In this paper, we give the algorithms of identifying loopcarried stream reuse for scientific applications and of exploiting the stream reuse. Several representative microbenchmarks and scientific stream programs with and without our optimization are performed on Isim which is a cycle-accurate stream processor simulator. Simulation results show that the optimization method can improve the performance of scientific stream program constrained by memory access efficiently.

In the future, we are devoted to developing more programming optimizations to take advantage of architectural features of the stream processor for scientific computing applications.

5. References

[1]       W. A. Wulf and S. A. McKee, “Hitting the memory wall: Implications of the obvious,” Computer Architecture News, Vol. 23, No. 1, pp. 20–24, 1995.

[2]       D. Burger, J. Goodman, and A. Kagi, “Memory bandwidth limitations of future microprocessors,” In Proceedings of the 23rd International Symposium on Computer Architecture, Philadelphia, PA, pp. 78–89, 1996.

[3]       S. A. William, “Stream architectures,” In PACT 2003, September 27, 2003.

[4]       Merrimac–Stanford Streaming Supercomputer Project, Stanford University, http://merrimac.stanford.edu/.

[5]       W. J. Dally, P. Hanrahan, et al., “Merrimac: Supercomputing with streams,” SC2003, Phoenix, Arizona, November 2003.

[6]       M. Erez, J. H. Ahn, et al., “Merrimac-supercomputing with streams,” Proceedings of the 2004 SIGGRAPH GP^2 Workshop on General Purpose Computing on Graphics Processors, Los Angeles, California, June 2004.

[7]       J. B. Wang, Y. H. Tang, et al., “Application and study of scientific computing on stream processor,” Advances on Computer Architecture (ACA’06), Chengdu, China, August 2006.

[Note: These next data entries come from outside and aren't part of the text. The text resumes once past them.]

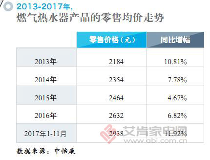 國(guó)內(nèi)外品牌紛紛加碼高端市場(chǎng)的新攻勢(shì),直接帶動(dòng)了燃?xì)鉄崴鳟a(chǎn)品整體均價(jià)的大幅上揚(yáng)。據(jù)中怡康數(shù)據(jù)顯示,2017年1-11月份,燃?xì)鉄崴鞯牧闶劬鶅r(jià)上漲了11.92個(gè)百分點(diǎn)至2938元。盡管考慮到中怡康的監(jiān)測(cè)樣本以連鎖賣(mài)場(chǎng)為主,價(jià)格系數(shù)會(huì)相應(yīng)偏高,但如此大的漲幅印證了燃?xì)鉄崴髡诩铀佼a(chǎn)品結(jié)構(gòu)的調(diào)整和升級(jí)。據(jù)《艾肯家電》統(tǒng)計(jì),2017年,我國(guó)燃?xì)鉄崴鳟a(chǎn)品的整體均價(jià)大致維持在2055元左右,同比漲幅約6.15%。
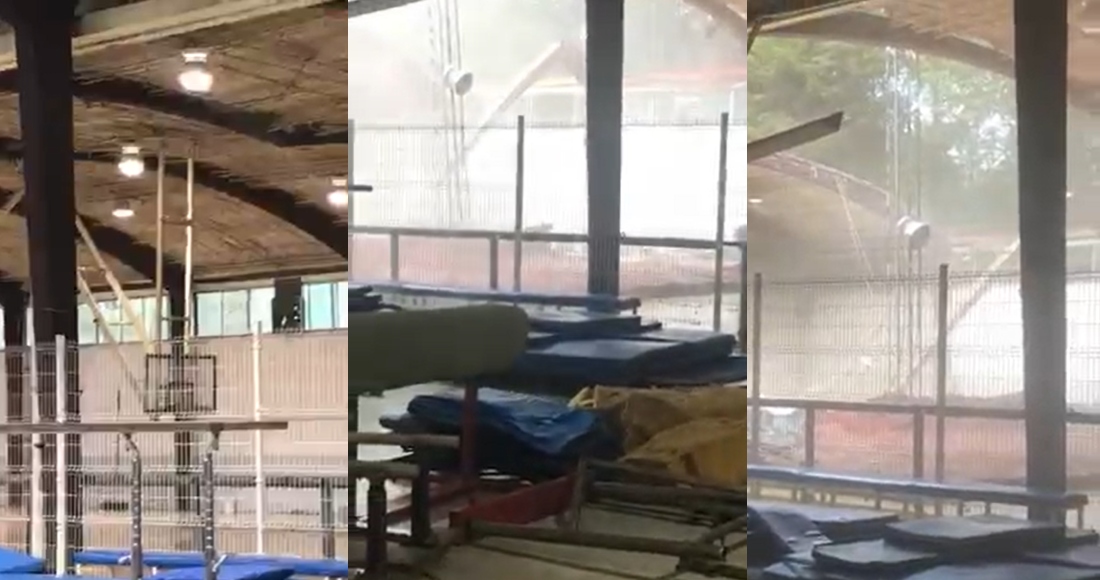 De acuerdo con las autoridades, a pesar de que una buena parte del techo de lámina cayó, no hay reportes ni de heridos ni de personas que hayan quedado atrapadas bajo los escombros.
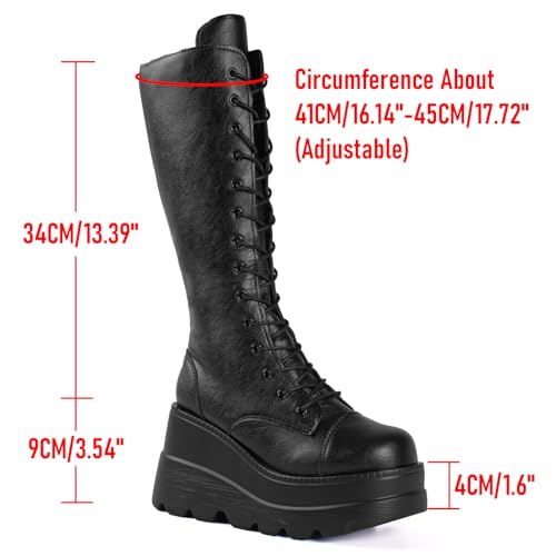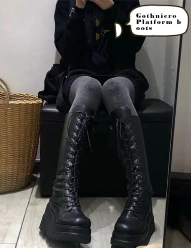 Gothniero Women Black Platform Goth Boots Mid Calf with Heel Knee High Boots Winter Chunky Heel Punk Rave Boots Girls Lace Up Combat Booties Size 5.5-11
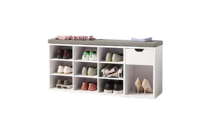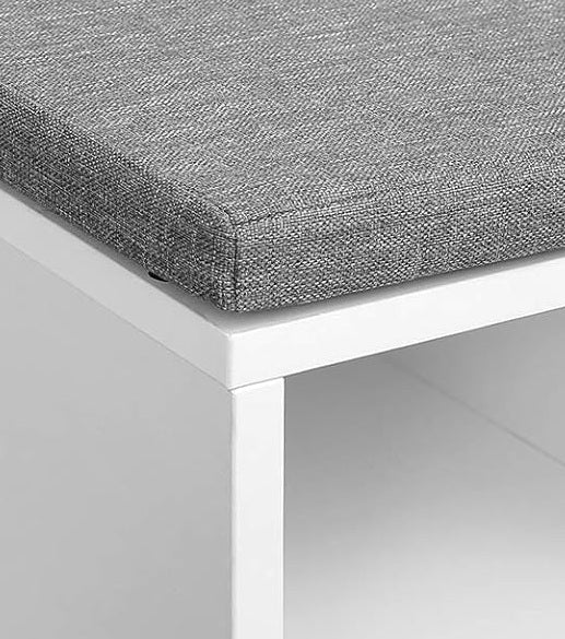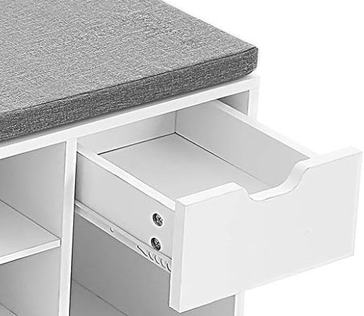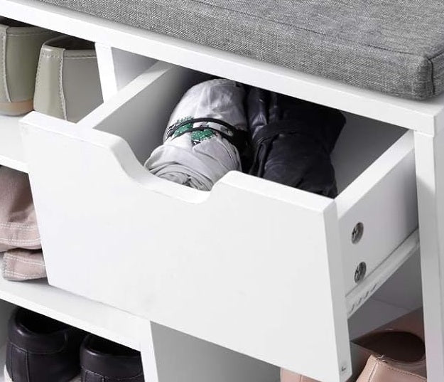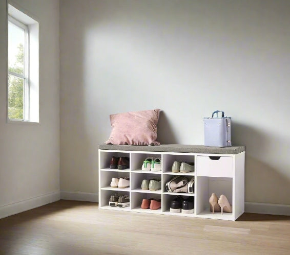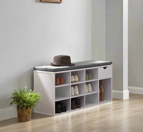 Keep your hallway organised and stylish with this versatile shoe storage bench in white and grey. Featuring a comfortable padded seat and a handy small drawer, it offers a perfect spot to sit while putting on shoes and a secure place to store your keys, wallets, or other essentials. The open compartments include a larger section, providing flexible storage for shoes, boots, or storage boxes of various sizes.
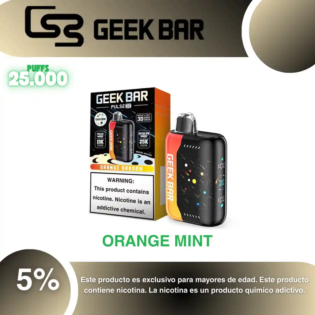 Geek Bar Pulse X 25.000 Sabor Naranja Mentolada 5% PROHIBIDA LA VENTA A MENORES DE EDAD. ADVERTENCIA: ESTE PRODUCTO CONTIENE NICOTINA, LA NICOTINA ES UNA SUSTANCIA QUIMICA ADICTIVA Y NOCIVA PARA LA SALUD. Los líquidos para vapeo contienen: propilenglicol USP, glicerina USP, sabor artificial y nicotina. Este producto puede contener nicotina, una sustancia altamente adictiva que puede generar dependencia, posibles afectaciones arteriales, cardiacas, pulmonares y otras aun no identificadas. No se recomienda su uso a mujeres en embarazo, puede generar lesiones al feto. Mantener alejado de niños y mascotas. No ingerir, puede generar irritación y/o intoxicación. Por favor antes de consumir consulte a su médico posibles afectaciones o sensibilidad a alguno de sus componentes. Los componentes de este producto pueden aumentar la sensación de ansiedad En caso de notar alguna reacción adversa por favor suspenda su uso de manera inmediata. Siga las instrucciones en el envase. No alterar sus componentes. Adquiera sus productos en sitios de confianza No use productos piratas, alterados, o en los cuales no pueda comprobar su buena procedencia, Verifique la reputación del fabricante y distribuidor antes de adquirir cualquier producto Si no es usuario fumador o vapeador no se recomienda su uso bajo ninguna circunstancia Al usar este producto usted es consciente que este producto puede generar afectaciones a su salud, incluyendo aquellas que a la fecha de la compra no se han identificado y que pueden aparecer a largo plazo
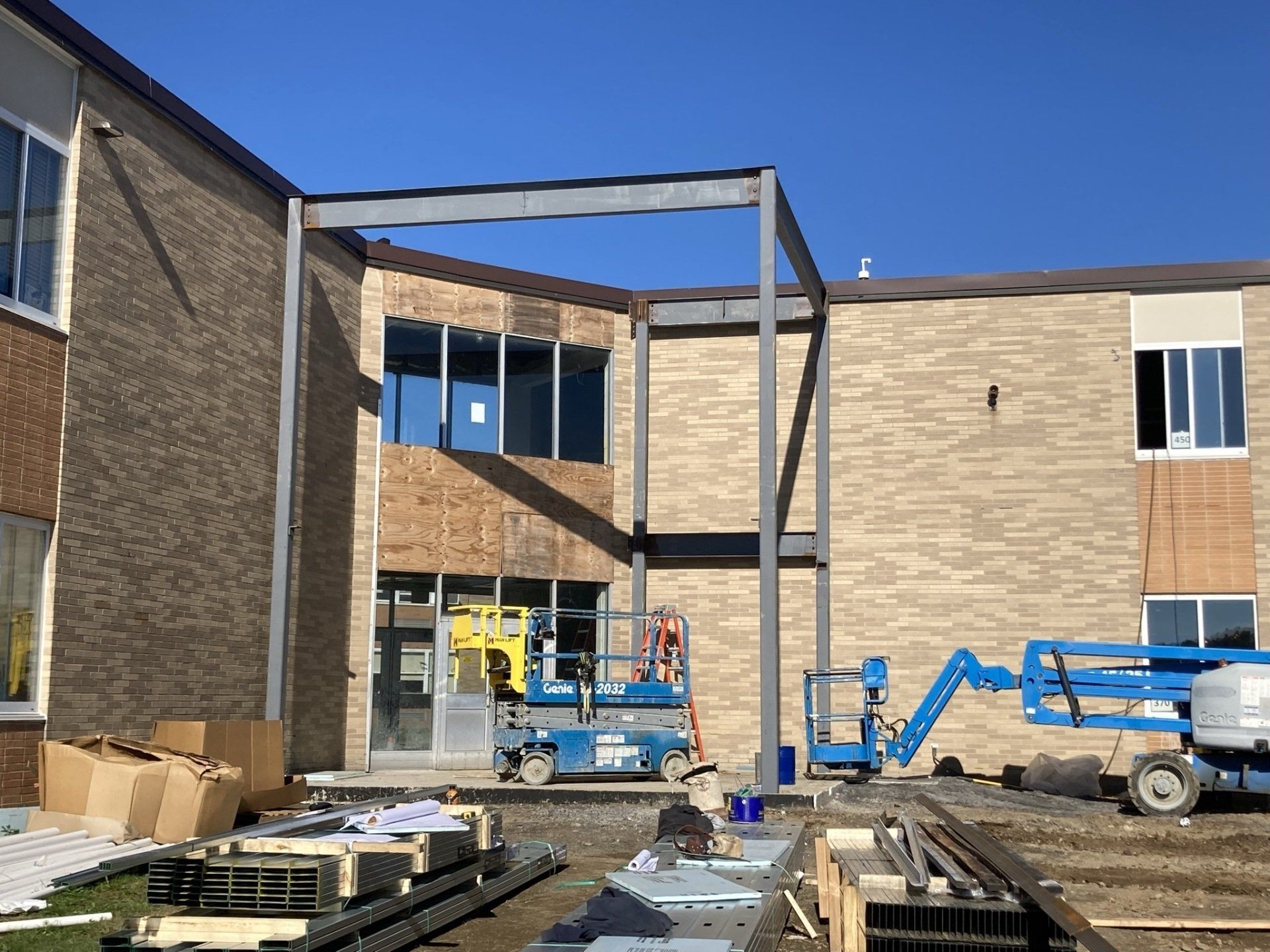 Steel erection as part of school remodel project.
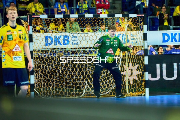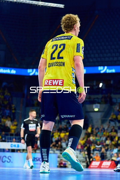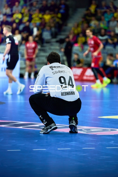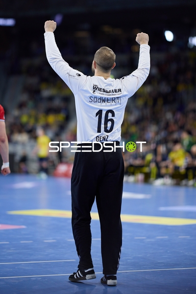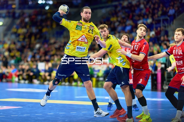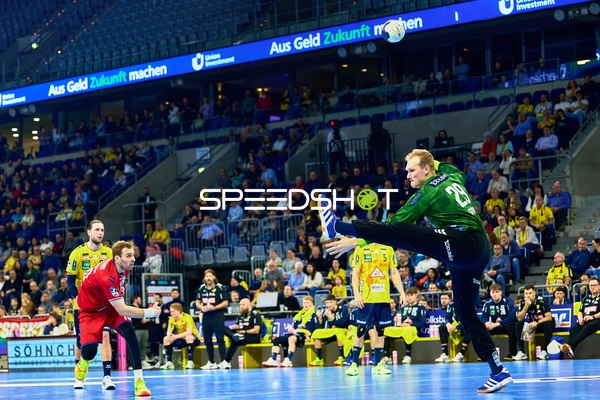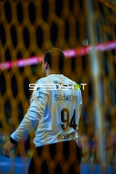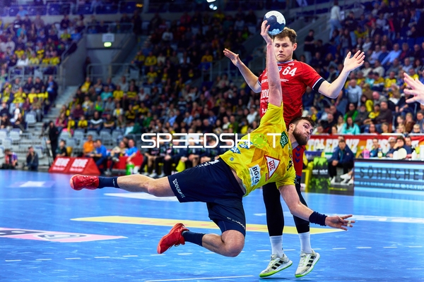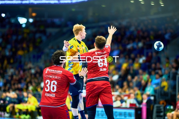 Ein Spieler von Rhein Neckar Löwen springt zum Wurf, während zwei Spieler von SG BBM Bietigheim versuchen zu blocken.
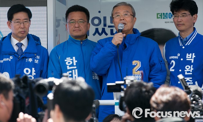 (천안=포커스뉴스) 5일 오전 충남 천안시 신세계백화점 앞에서 열린 더불어민주당 천안지역 합동유세에 참석한 김종인 비대위 대표 겸 선대위원장과 후보들이 지지를 호소하고 있다. 왼쪽부터 양승조 천안병, 한태선 천안갑 후보, 김 대표, 박완주 천안을 후보.
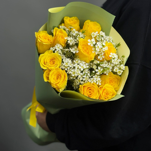 Букет "Нотка счастья" из лимонных роз и хамелациума (40 см)
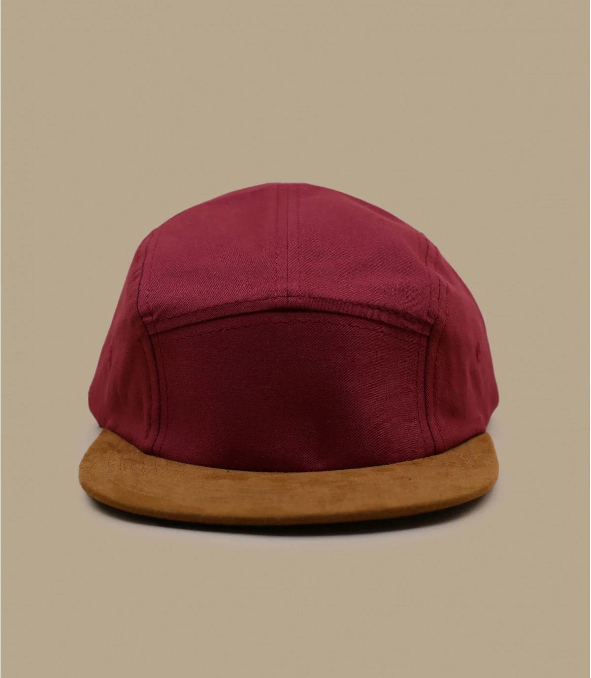 5 Panel bordeaux en coton washed avec visière suede marron. Attache rĂ©glable avec clip Ă l’arrière. Tour de tĂŞte 55-60 cm.
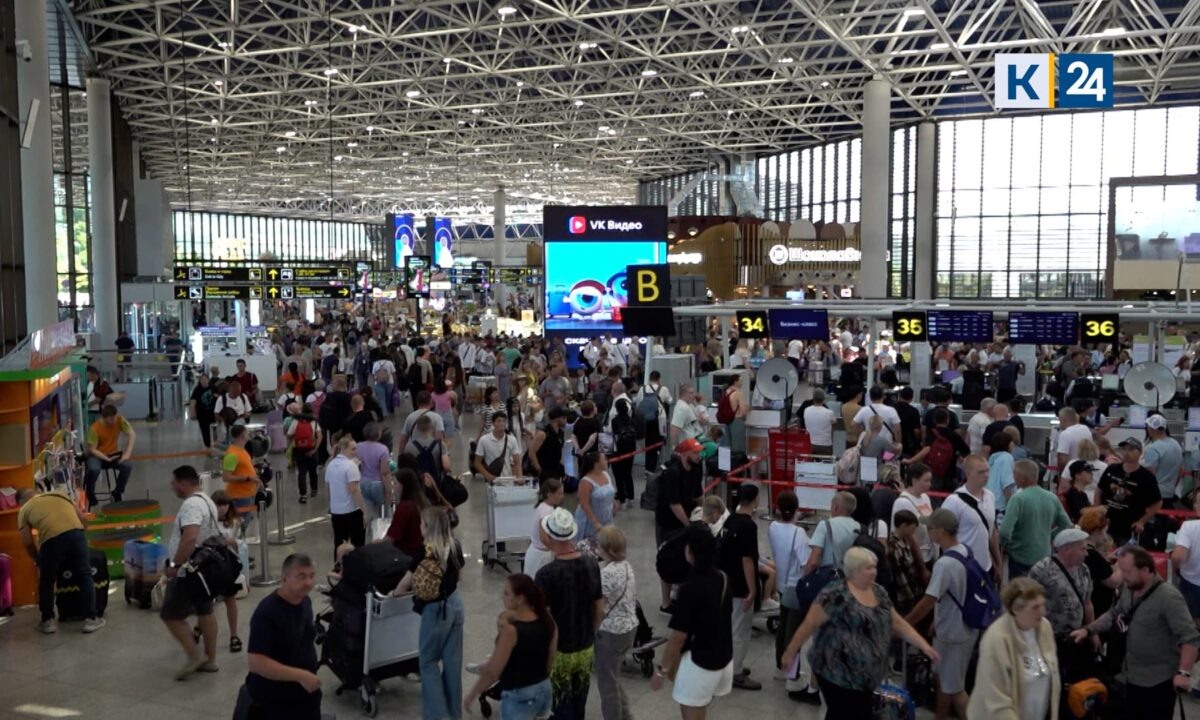 Видео канала «Кубань 24» «Аэропорт Сочи работает штатно, однако, как показывает онлайн-табло, рейсы в том числе в Москву и Санкт-Петербург задерживаются», — сообщает специальный корреспондент телеканала «Кубань 24» Юлия Проценко. Коллапс произошел в российских аэропортах на фоне масштабной атаки украинских беспилотников. Были отменены и задержаны сотни рейсов. В Сочи, как и в других воздушных гаванях, пассажиры ждут вылета своих самолетов в разные регионы страны. В Шереметьево задерживались свыше 60 рейсов. В аэропорту Нижнего Новгорода люди сутки не могли вылететь. Ограничения на вылет также вводились в петербургском Пулково. С 5 июля авиакомпании отменили 485 рейсов, почти 2 тыс. было задержано. В Сочи следующих в Шереметьево пассажиров размещают в гостиницы, уведомляя по громкой связи. Семья Гавриловых надеется улететь в Москву, рейс задержали до вечера. — Кто дольше всех находится — им предлагали воду и еду. Нам пока еще три часа до вечера, посмотрим, что будет дальше. Пассажиров о
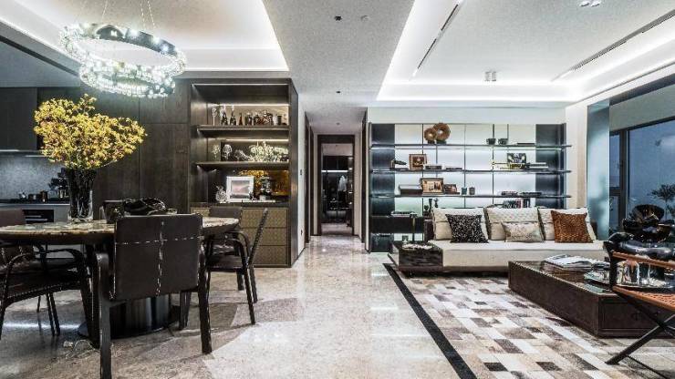 比奢华更懂生活的是细节,精研不可逆高定人居,首开桃园金茂府以大尺度空间、人性化设计细节为基调,一梯一户的贴心设计,营造出专属的私密空间;独立的玄关空间,保加利亚灰深色石材,让入户第一刻尽显尊崇感。
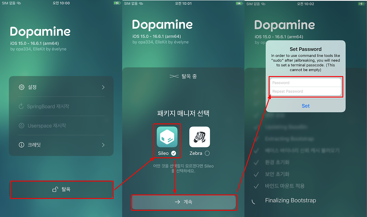 → 계속 누르면 탈옥이 진행되고 sudo의 패스워드를 설정해야 하는데 자기가 외울 수 있는 패스워드로 설정해야한다. (단말기와 SSH 연결할 때 등등 필요로 한다.) 그러면 휴대폰 재시작이 시작되며 탈옥이 성공적으로 된다.
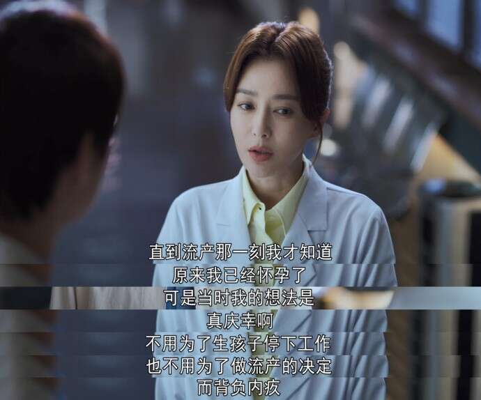 读者可以在这里暂停一下。如果你是编剧,你会如何描写唐佳瑜流产那一刻的感想。《唐医生》给了我们一个绝对出乎意料、但又在情理之中,并且独属于唐佳瑜的答案。唐佳瑜当时松了一口气:“真庆幸啊。不用为了生孩子停下工作,也不用为了流产做决定而背负内疚。”
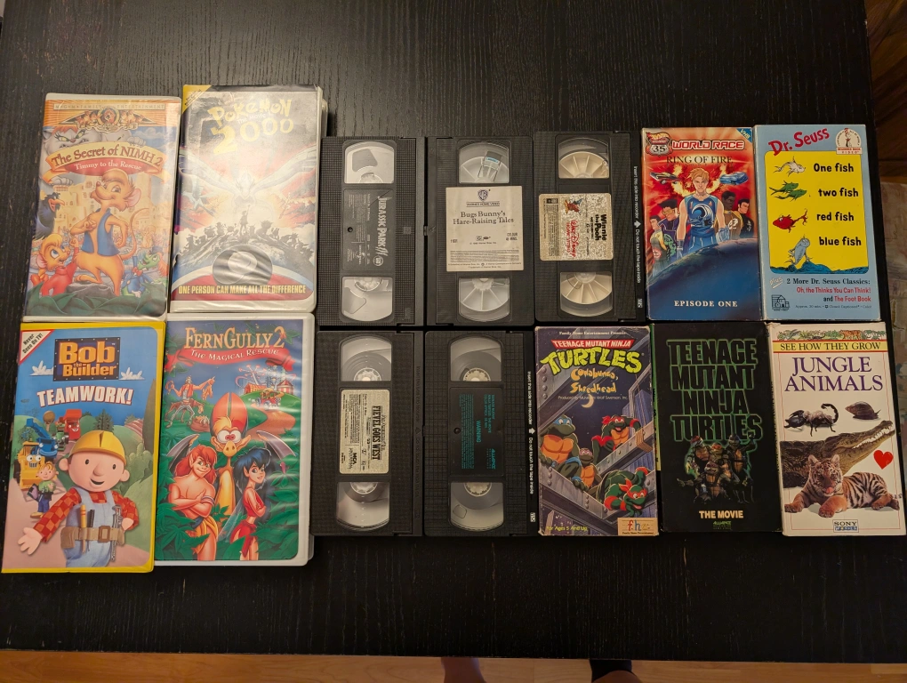 Selling a collection of VHS tapes! Titles include The Secret of NIMH 2, Pokemon 2000, Bob the Builder: Teamwork, Ferngully 2: The Magical Rescue, Jurassic Park, Fievel Goes West, Bugs Bunny's Hare-Raising Tales, Hot Wheels World Race Ring of Fire, Dr. Seuss One Fish Two Fish, and Teenage Mutant Ninja Turtles.
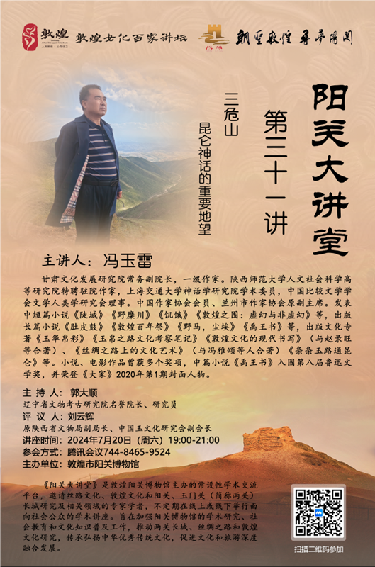 中國甘肅網(wǎng)7月18日訊 7月20日,西北師范大學(xué)甘肅文化發(fā)展研究院常務(wù)副院長、一級(jí)作家、玉文化學(xué)者馮玉雷將在線進(jìn)行題為《三危山:昆侖神話的重要地望》的講座。本次講座由敦煌陽關(guān)博物館主辦,為“敦煌文化百家講壇”第31講,遼寧省文物考古研究院名譽(yù)院長、資深考古學(xué)家、玉學(xué)家郭大順研究員擔(dān)綱主持,陜西省文物局原副局長、中國玉文化研究會(huì)副會(huì)長、資深玉學(xué)家劉云輝教授擔(dān)綱評(píng)議。

[8]       J. Du, X. J. Yang, et al., “Implementation and evaluation of scientific computing programs on imagine,” Advances on Computer Architecture (ACA’06), Chengdu, China, August 2006.

[9]       M. Rixner, “Stream processor architecture,” Kluwer Academic Publishers, Boston, MA, 2001.

[10]    P. Mattson, “A programming system for the imagine media processor,” Department of Electrical Engineering, Ph.D. thesis, Stanford University, 2002.

[11]    O. Johnsson, M. Stenemo, and Z. ul-Abdin, “Programming & implementation of streaming applications,” Master’s thesis, Computer and Electrical Engineering, Halmstad University, 2005.

[12]    U. J. Kapasi, S. Rixner, et al., “Programmable stream processor,” IEEE Computer, August 2003.

[13]    G. Goff, K. Kennedy, and C. W. Tseng, “Practical dependence testing,” In Proceedings of the SIGPLAN ‘91 Conference on Programming Language Design and Implementation, ACM, New York, 1991.

[14]    T. F. Chan, E. Gallopoulos, V. Simoncini, T. Szeto, and C. H. TongSIAM, “A quasi-minimal residual variant of the bi-cgstab algorithm for nonsymmetric systems,” Journal on Scientific Computing, 1994.

NOTES

1In this paper, we assume the sequence of memory access is the leftmost dimension first just like as that in FORTRAN.